[Task description]: Take the line containing "A timeless essential" and each line after it through the end of the data below, and return them exactly, minus any pictures.

[Input data]:

# # # # # # #

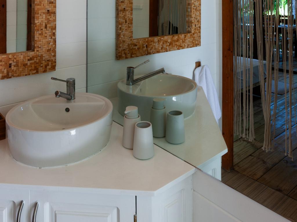 Translation (IT): GoogleTranslateWir hatten das Merle Beach Studio in den La Pointe Beach Huts auf Praslin und haben uns rundum wohlgefühlt. Das Studio war sehr gemütlich und im passenden Strandstil eingerichtet. Besonders praktisch war die kleine Küchenzeile, in der wir problemlos selbst kochen konnten – alles, was man für eine Woche braucht, war vorhanden.
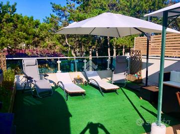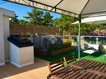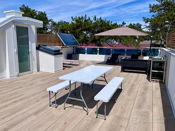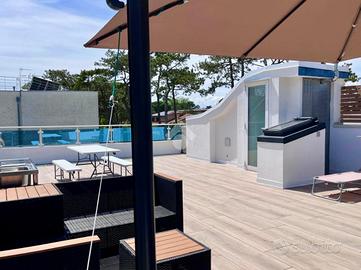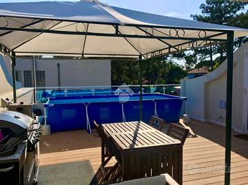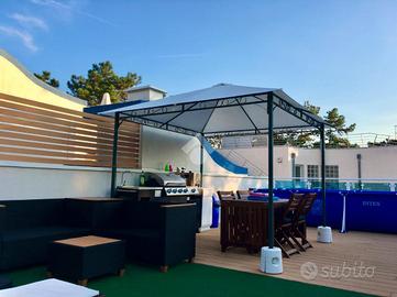 Dalla zona giorno passiamo alla terrazza all'ultimo piano tramite la scala interna, dove abbiamo la doccia, un lavabo, il locale caldaia, un pannello solare ed un salottino da esterno e si ha, inoltre, la possibilità di installare una piscina.
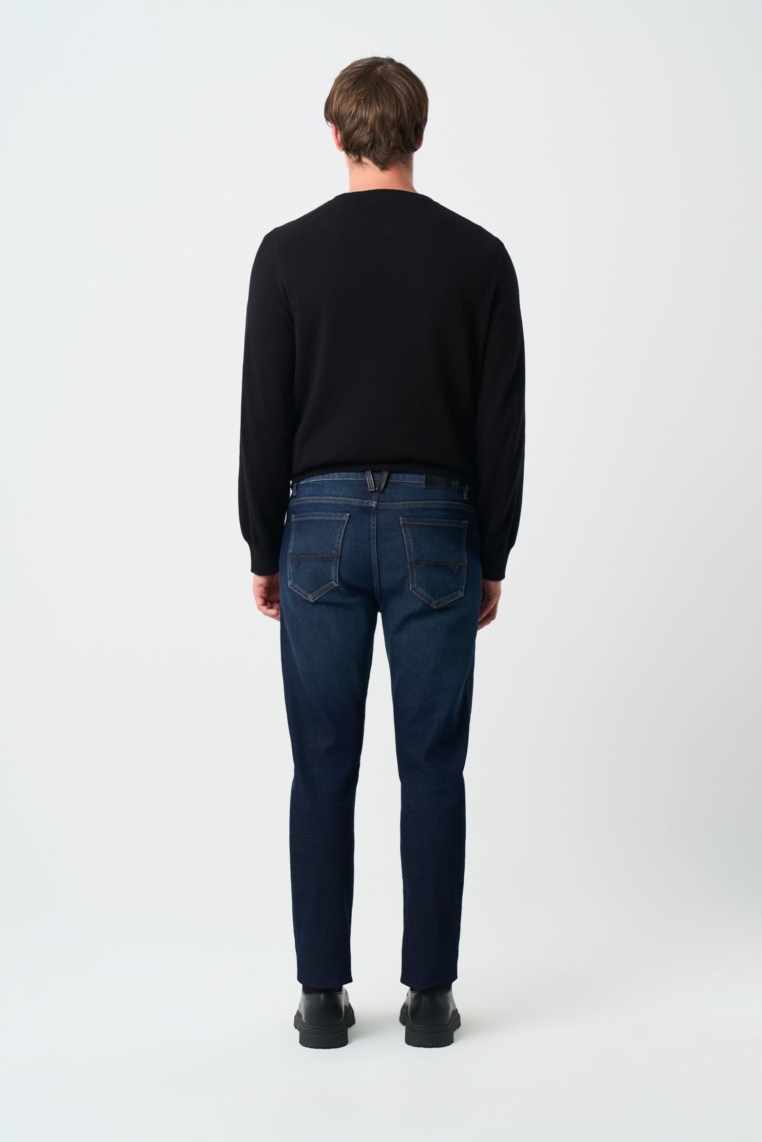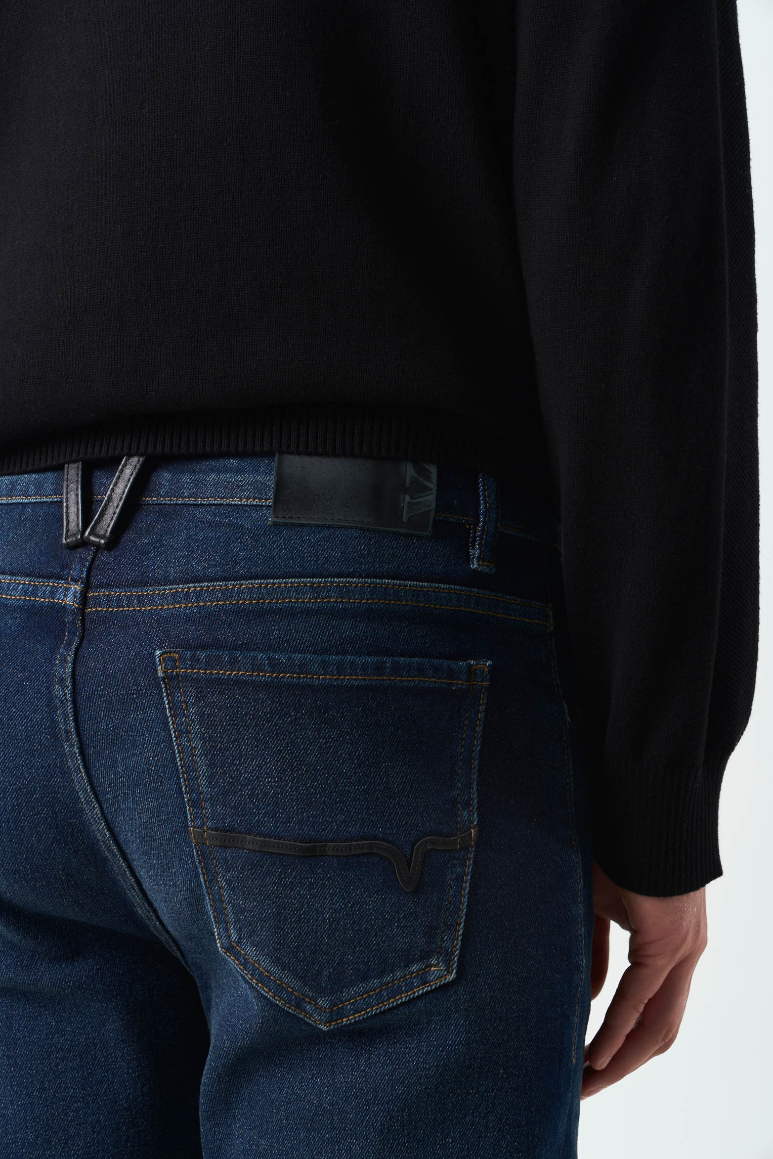 A timeless essential that adapts to every piece in your wardrobe, these semi-fitted blue denim jeans combine luxurious texture with the everyday comfort you need. Leather details on the belt loops and coin pocket add an artisanal touch that elevates their silhouette. With a subtle finish that emphasizes the details, these jeans become a renewed classic, perfect for any occasion.
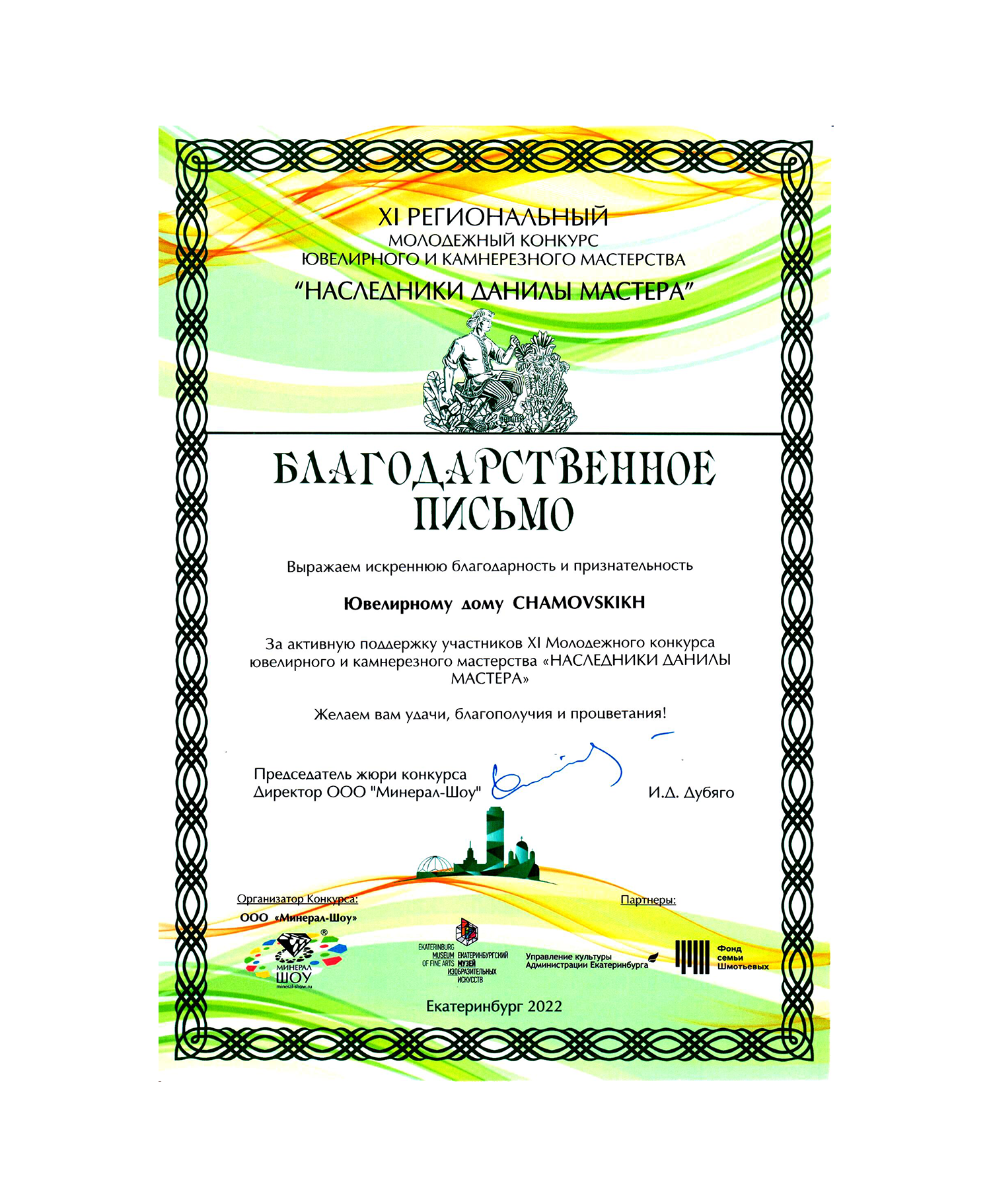 Благодарственное письмо за активную поддержку участников XI Молодежного конкурса "Наследники Данилы мастера"

# # # # # # #

[Answer to the exercise]:
 A timeless essential that adapts to every piece in your wardrobe, these semi-fitted blue denim jeans combine luxurious texture with the everyday comfort you need. Leather details on the belt loops and coin pocket add an artisanal touch that elevates their silhouette. With a subtle finish that emphasizes the details, these jeans become a renewed classic, perfect for any occasion.
 Благодарственное письмо за активную поддержку участников XI Молодежного конкурса "Наследники Данилы мастера"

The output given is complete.